To view the REVISED Natural Resources Commission meeting Agenda for
August 16, 2007, please click on the following link. To view the revised materials, go to that item on the Agenda and click on it to open.

http://www.michigan.gov/dnr/0,1607,7-153-39002_11862_13888---,00.html

Revisions include:

1. Updated: Land Use Orders of the Director

Order to Regulate Use, South Higgins Lake State Park, Roscommon County, prohibit parking a vehicle in boat launch parking lot without a boat trailer attached, and prohibit mooring boats on shorelines or bottomlands in front of a state park unless registered as a camper; and Order to Regulate Use of snowmobiles at Fort Custer Recreation Area
Land Use Orders of the Director, Amendment No. 15 of 2007
FOR INFORMATION ONLY 7-12

2. Updated: Waterfowl and Other Migratory Bird Hunting Regulations
For 2007-2008
Wildlife Conservation Order, Amendment No. 15 of 2007 1-6

Thank you.

Teresa Gloden


----------



## Hamilton Reef (Jan 20, 2000)

Comment passed on to HR:

1. Updated: Land Use Orders of the Director
Order to Regulate Use
Snippet: ..........prohibit mooring boats on shorelines or bottomlands in front of a state park unless registered as a camper......

Hmmm, Can't (moor) anchor to fish in front of state park property without being a camper?
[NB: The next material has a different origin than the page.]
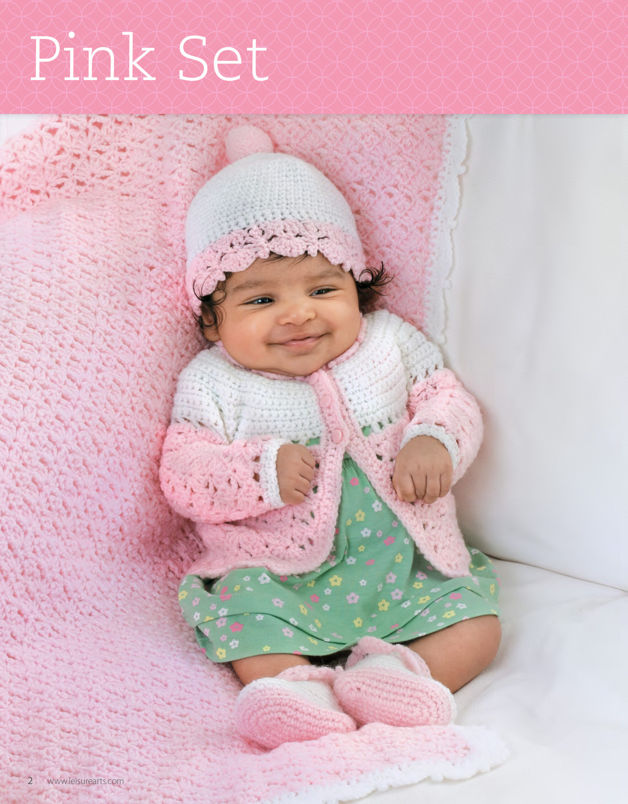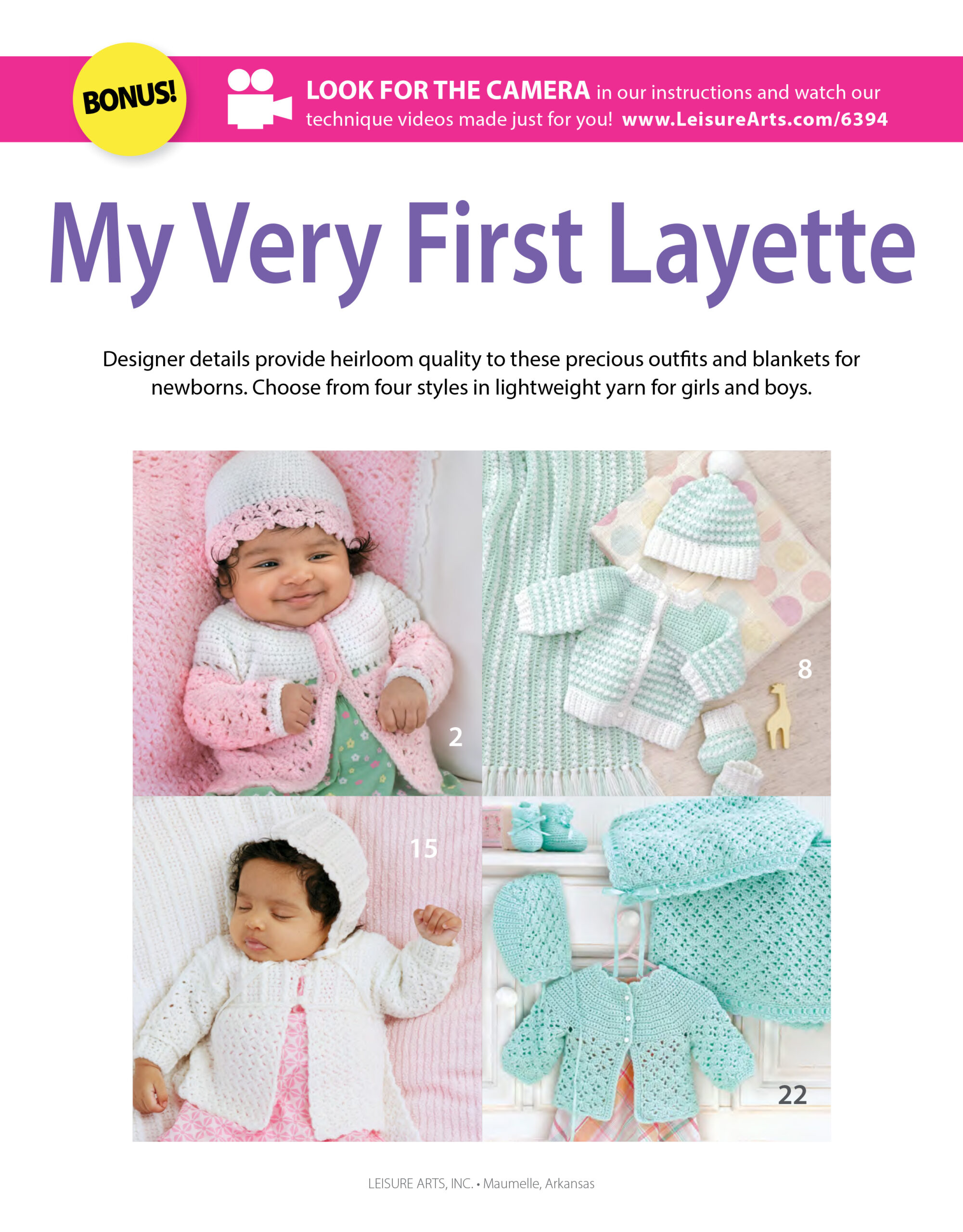 My Very First Layettes- Wrap up the little one with these 4 layette sets to crochet in soft pastels or bold colors. Easy-to-stitch, these sets will look adorable on babies from ages newborn to 3 months. Each sets includes: sacque, hat, booties and afghan. Projects can be made using size 3 light weight yarn and a size F-5, 3.75 millimeter, crochet hook. Includes step-by-step instructions and illustrated diagrams. Easy skill level. 32 pages, soft cover.

Try enforcing that to the sportfishers off Muskegon State Park, Duck Lake State Park, or Ludington State Park.


----------



## lang49 (Aug 1, 2005)

Hamilton Reef said:


> Comment passed on to HR:
> 
> 1. Updated: Land Use Orders of the Director
> Order to Regulate Use
> ...


Maybe I'm confused...does this order seek to prohibit anchoring by non campers off the shore of all state parks, or just South Higgins Lake?


----------



## Hamilton Reef (Jan 20, 2000)

The order could apply to anchoring on all state park underwater properties with enough potential gray area interpretation to give a lawyer a fine time if a fishermen ran into a hardnose ranger. Note the devil's advocate argument here is being passed on to me for posting. 
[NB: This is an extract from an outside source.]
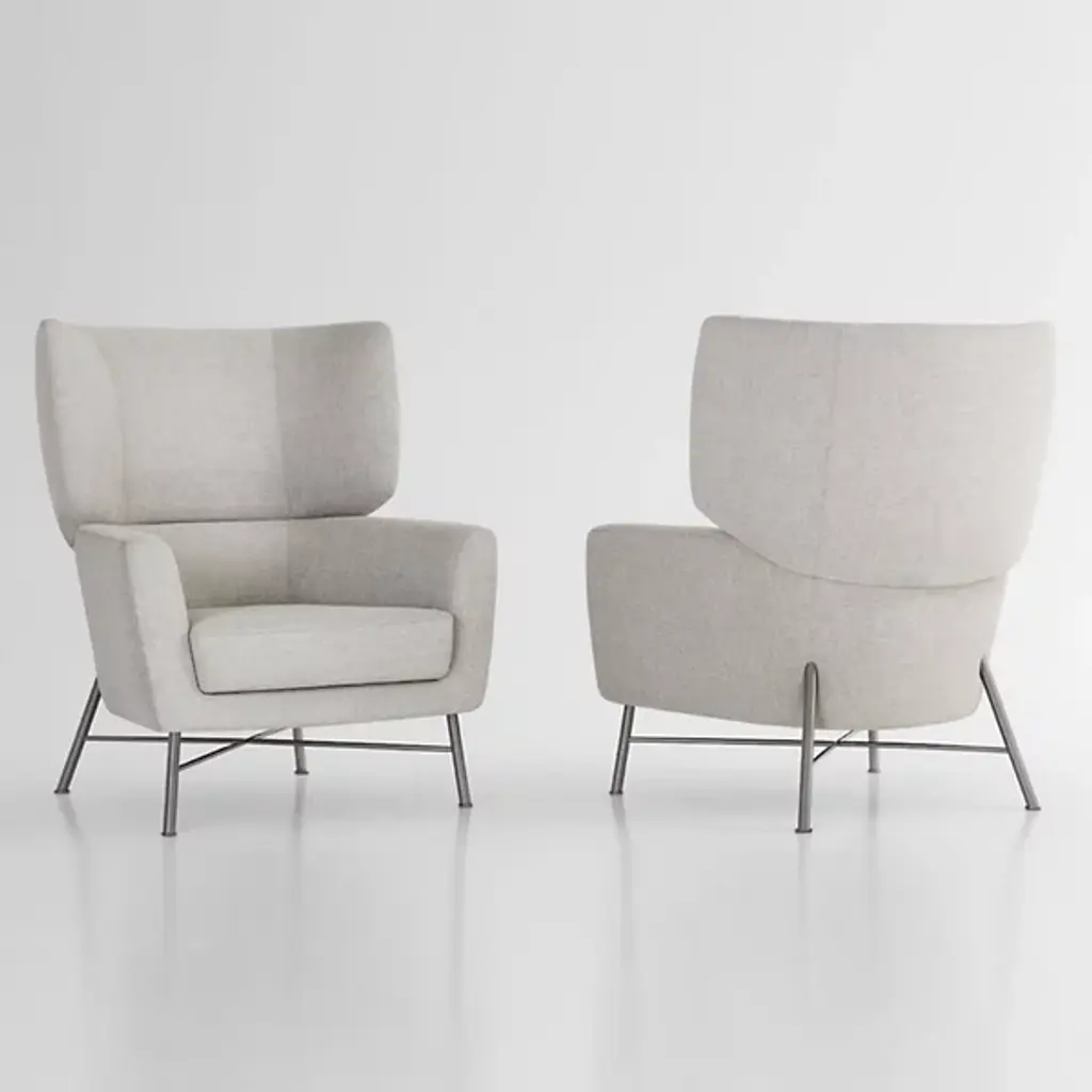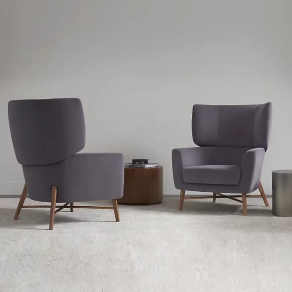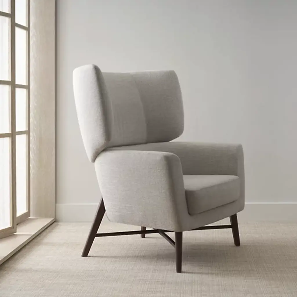 The Belmont Wingback Lounge Chair from Bernhardt Design offers a fresh, modern take on the classic wingback. Designed by Terry Crews, its graceful shawl-style back creates visual interest from every angle, making it perfect for both open spaces and cozy corners. Layered foam of varying densities ensures lasting comfort, while the tall backrest invites you to relax with ease. A cross stretcher base provides balance and stability, beautifully anchoring the generous silhouette for a look that’s both stylish and inviting.

I say the real intent here is simply stopping the park gate crashers from bypassing the park entrance and boating up the shoreline for entry by hopping out of the boat.


----------



## multibeard (Mar 3, 2002)

That would make it illegal to anchor in the whole west side of Silver Lake since the whole dunes are part of the state park

There are hundreds of boats beached on the dune shore line in the summer. I wonder where they would put the park permit booth. On a pontoon boat maybe.:lol:


----------



## Hamilton Reef (Jan 20, 2000)

FOR IMMEDIATE RELEASE
Aug. 14, 2007

Contact: Mary Dettloff 517-335-3014

Media Advisory
Natural Resources Commission to Meet Thursday in Lansing

The Michigan Natural Resources Commission will meet on Thursday, Aug. 16, in the Lansing Center located at 333 E. Michigan Ave. in Lansing.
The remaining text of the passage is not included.